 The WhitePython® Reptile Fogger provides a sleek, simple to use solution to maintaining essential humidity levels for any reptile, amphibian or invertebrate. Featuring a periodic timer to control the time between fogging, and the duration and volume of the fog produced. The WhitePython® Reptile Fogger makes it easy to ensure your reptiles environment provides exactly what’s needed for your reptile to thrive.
...
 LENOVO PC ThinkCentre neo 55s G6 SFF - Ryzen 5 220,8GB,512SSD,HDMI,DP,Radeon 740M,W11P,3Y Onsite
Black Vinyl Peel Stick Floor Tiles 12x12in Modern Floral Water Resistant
...
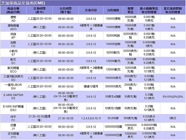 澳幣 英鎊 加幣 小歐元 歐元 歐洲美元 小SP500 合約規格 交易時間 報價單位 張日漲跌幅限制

**Exercise goal:**
Transcribe the records above from the line holding "LENOVO PC ThinkCentre" down to the line holding "Black Vinyl Peel", inclusive, without adding anything.

**Solution for this problem:**
 LENOVO PC ThinkCentre neo 55s G6 SFF - Ryzen 5 220,8GB,512SSD,HDMI,DP,Radeon 740M,W11P,3Y Onsite
Black Vinyl Peel Stick Floor Tiles 12x12in Modern Floral Water Resistant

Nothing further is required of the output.